Виду я не подал. Праздник есть праздник. Да и выпендриваться я права не имел, так как находился на их территории, в другом измерении, в чужом монастыре: можно назвать это как угодно, но когда восемь усталых, измотанных работой людей чинно расселись по лавкам и хотят единственного развлечения – выпить водки, я обязан закрыть глаза и смолчать. Что я и сделал.

Сел с ними. Мне налили в алюминиевую кружку. Я отодвинул подлую влагу от себя подальше и покачал головой:

– Мужики, мне еще домой ехать. Нельзя. Да и не люблю я. Молодой еще, чтоб к ней привыкнуть.

Уговаривать меня они не стали, и алюминиевая кружка так и стояла передо мной с видом потаскухи, которую отказались пользовать по соображениям, ей непонятным: моральные принципы, супружеская верность, прочие убеждения и, наконец, элементарная брезгливость. Водка и есть сродни потаскухе – грязной, продажной и самоуверенной. Она ведет себя как единственная баба на острове, полном уцелевших после кораблекрушения матросов. Крива бабенка и неказиста, но куда вы, на хрен, денетесь. Рано или поздно…
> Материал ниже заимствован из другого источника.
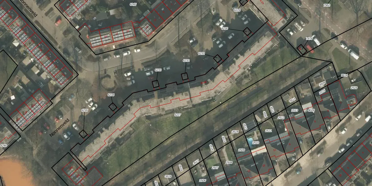 Het perceel waarop Nonnenveld 70 staat heeft een oppervlakte van 3719 m². Dit is een zeer groot perceel. De perceeloppervlakte wordt geregistreerd door het Kadaster. Gedetailleerde informatie over de maten van dit perceel kunt u vinden in het rapport Kadastrale kaart met maatvoering van Nonnenveld 70.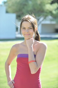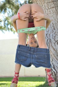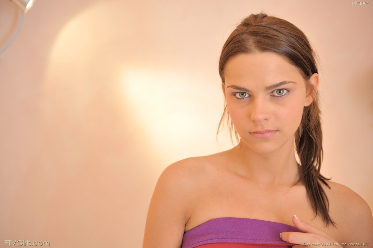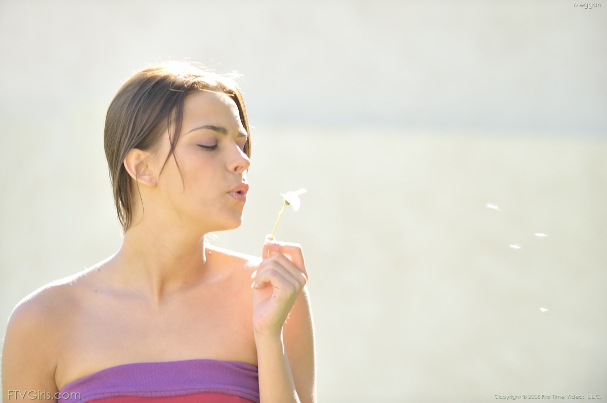 Slim girl Meggan Powers taking off her jean shorts and dildoing her pussy. See more of her (Meggan) at FTV Girls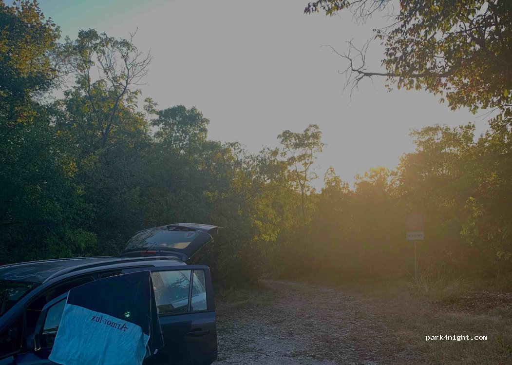 Accotement gravier sur une route à sens unique. Très peu de passage. Il y a la place pour 2 vans ou 1 camping car. Réseau ok. Lieu parfait pour 1 ou 2 nuit au calme.
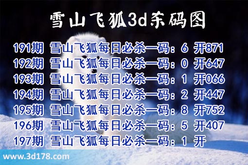 该雪山飞狐杀码图由3d之家3d图库频道原创,仅供彩民参考,温馨提供。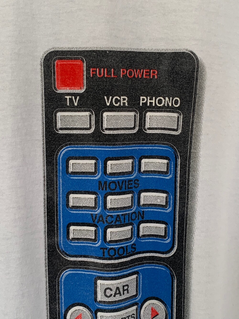 MOVIES, VACATION, TOOLS, CAR, SPORTS, BEER 등 특히나 남자들이 좋아할만한 버튼으로 채워진, 어딘가 나사빠진듯한 너드미를 빌산하는 리모콘 프린팅이 돋보이는 티셔츠.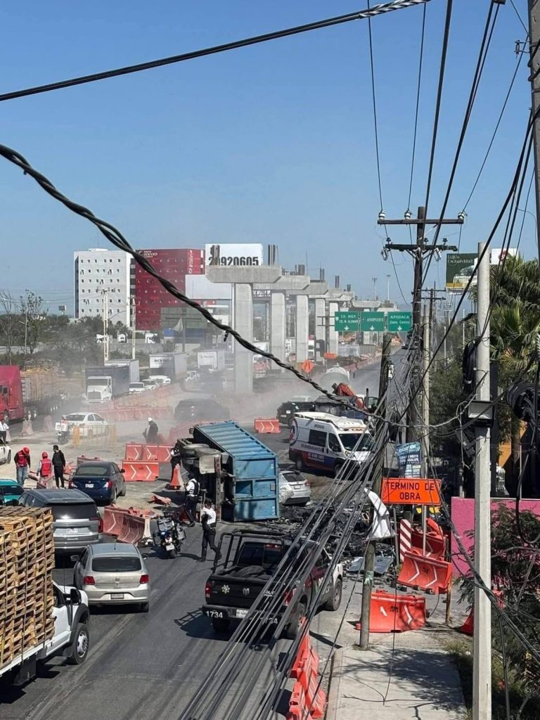 Apodaca NL.- Al mediodía de este martes 11 de noviembre se registró terrible choque-volcadura en la avenida Miguel Alemán en Apodaca, dejando como saldo una persona herida.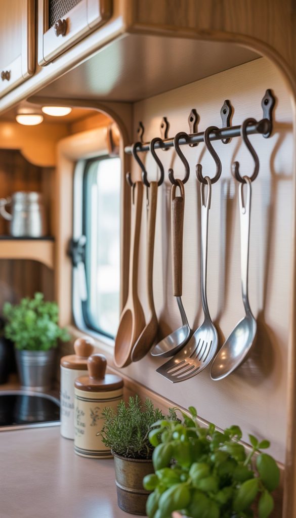 Wrought iron hooks add a classic look to your French Country RV kitchen. They help keep your utensils organized and easy to reach. You can hang spoons, spatulas, and even small pots on them.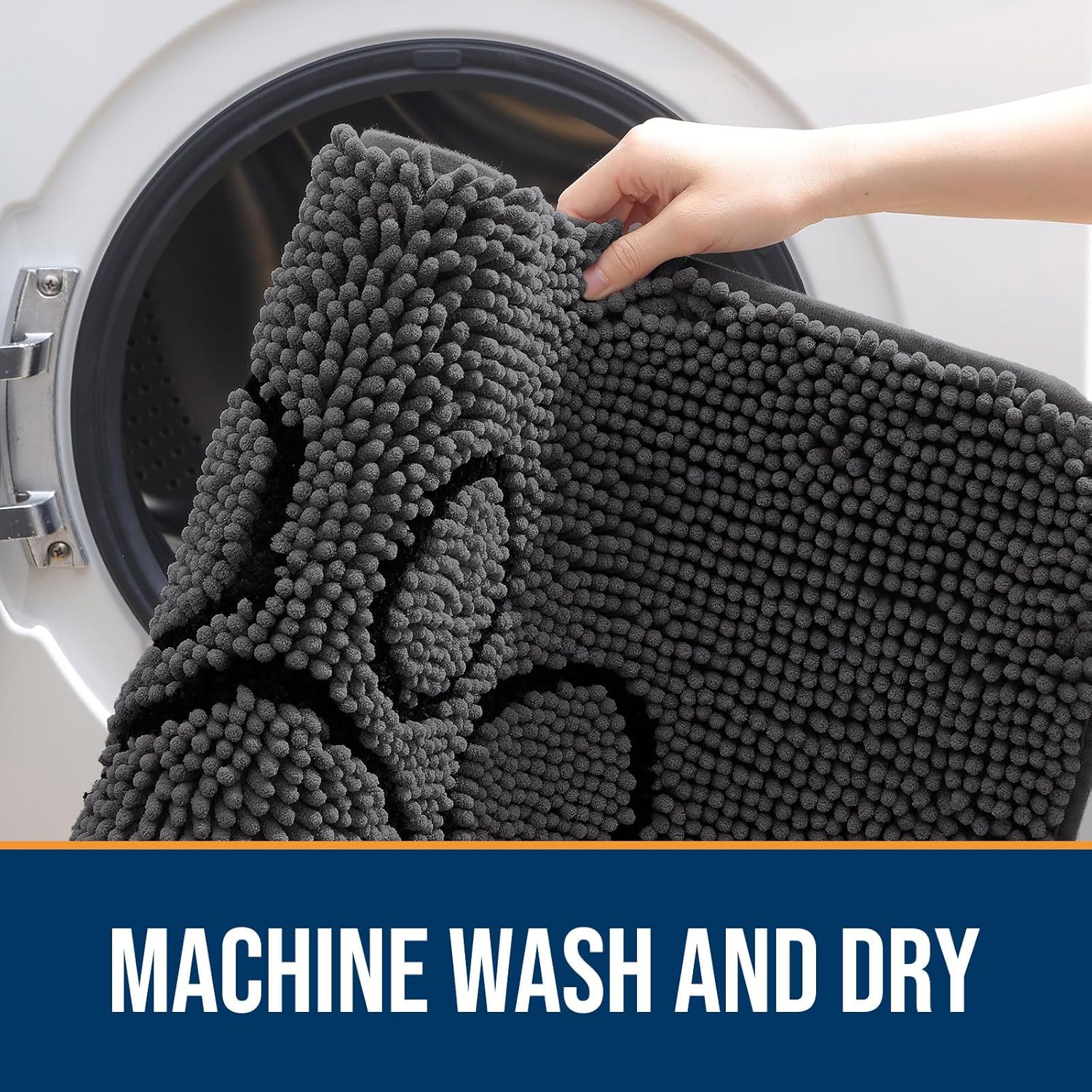 OLANLY Door Mat for Muddy Dog Paws 30x20, Absorbent Chenille Doormat with Paw Print Design, Non-Slip Washable Doormat for Indoor Entryway, Quick-Dry Pet Bed Mats for Dirty Dogs, Dark Grey and Black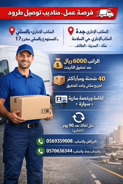 فرصة عمل - مناديب توصيل طرود الرياض (المكتب الاداري والمستودع بالسلي مخرج 17) جدة (المكتب الاداري حي السلامة) وتشمل مكة، المدينة، الطائف الراتب 6000 ريال عند تحقيق التارجت 40 شحنة يوميا أو أكثر حسب القدرة لمربع سكني واحد لتحقيق الهدف إقامة ورخصة سارية + سيارة نقل كفالة بعد 90 يوم (اختياري) للتواصل (واتساب الرياض) واتساب جدة والمناطق)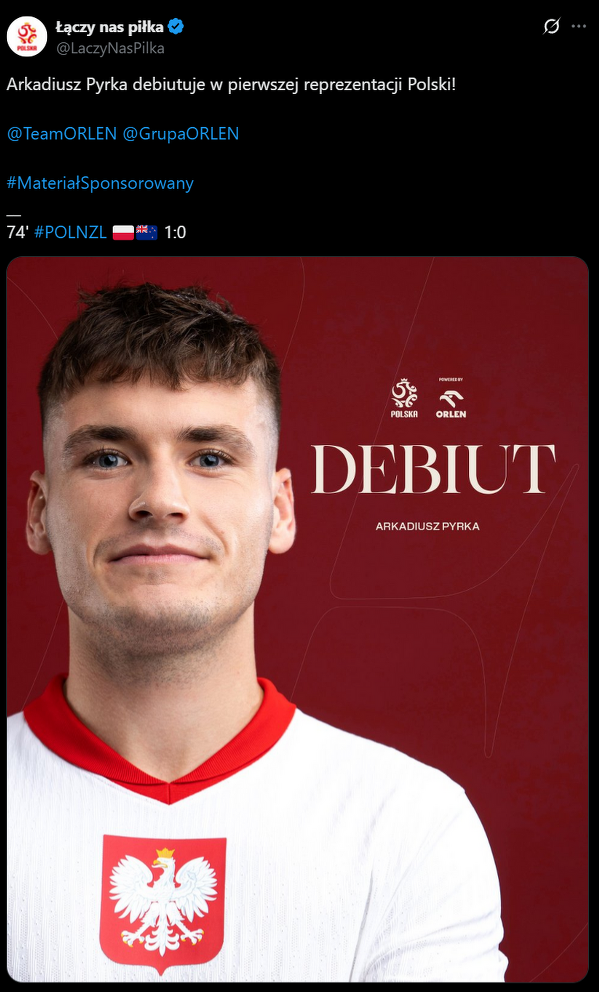 Arkadiusz Pyrka zadebiutował w pierwszej reprezentacji Polski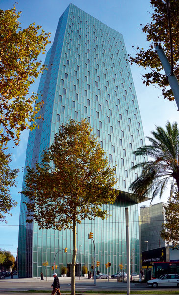 Budova je v porovnaní s inými výškovými objektmi veľmi štíhla a dynamická, z istých pohľadov pôsobí ako metalická ihla, iskrivo dominujúca svojej časti barcelonskej oblohy. Projekt, po vzore svojho suseda Torre Agbar, počítal aj s nočným nasvietením hotela (modrým, zeleným a červeným). Pôsobil by ako urbánna lampa – žiarivý symbol Diagonalu. Zatiaľ však budova využíva len štandardné osvetlenie izieb, čím odráža obsadenosť hotela.

Узбеки пили, ели, хмелели, что-то с хохотом обсуждали. Я отведал их угощения и нашел его отменным. От горячей еды меня разморило, тело обмякло, и я сильно навалился на стол.

– Славик, нам когда будешь зарплату давать? – вдруг бросил в меня вопросом один из них, сидящий в углу, с покрасневшим от водки простым и широким, как лопата, лицом.

– Как всегда, – рассеянно ответил я, удивляясь, что в голове вообще нет никаких мыслей, будто они кончились. – Заказчик вот-вот рассчитается. Вроде на днях обещал.

Ветер снаружи совсем стих. Вместо ветра послышался тяжелый гул подъезжающих автомобилей. Похоже, что его услышал только я, так как все остальные были пьяны, шумны и невнимательны. Не считая нужным что-то объяснять, я вылез из-за стола и вышел из пропахшего тяжелым пролетарским духом вагончика. Снаружи меня встретил свежий морозный воздух, темный и безмолвный силуэт строящегося особняка и несколько здоровенных амбалов: хозяйская охрана. Сам он стоял чуть поодаль, свет фар облегал его силуэт, и я видел, как он смотрел на свой будущий дом, задрав голову и скрестив руки на том месте, что обычно защищают хоккейные вратари и футболисты, выстроившись в «стенку».

– Здрасьте, Константин Андреевич, – принялся я ломать шапку перед барином – обладателем недостроенного дворца площадью в полторы тысячи квадратных метров, – эт самое, добрый вечер!

– Чего делаете-то? – вместо приветствия спросил Константин Андреевич, как мне показалось, даже не соизволив повернуть головы в мою сторону.

– Траншею копаем, – продолжал угодничать я, – почти уже всю и выкопали.

– На хрена?

– Ну как же! Коммуникации, трубы надо подводить. Свет, вода, газ… Все в трубах, все, эт самое, через них, Константин Андреевич, – зачастил я, слыша в своем голосе звенящие на морозе нервные струны.

– «Подводить надо», твою мать! – выругался тот, кто прибыл на двух слоноподобных «Субурбанах», передразнивая меня. – Куда на хрен «подводить»?! К чему, бля?! Вы мне когда хоть что-то готовое покажете?! Когда дом достроите?! Я в вашу контору только бабло отслюнявливаю, а вы здесь херней маетесь, канаву какую-то роете! Я сюда месяц не приезжал и думал, что уже и крыша есть и все чин-чинарем, а вижу, что вы еще и второй этаж ни черта не перекрыли! Как там тебя?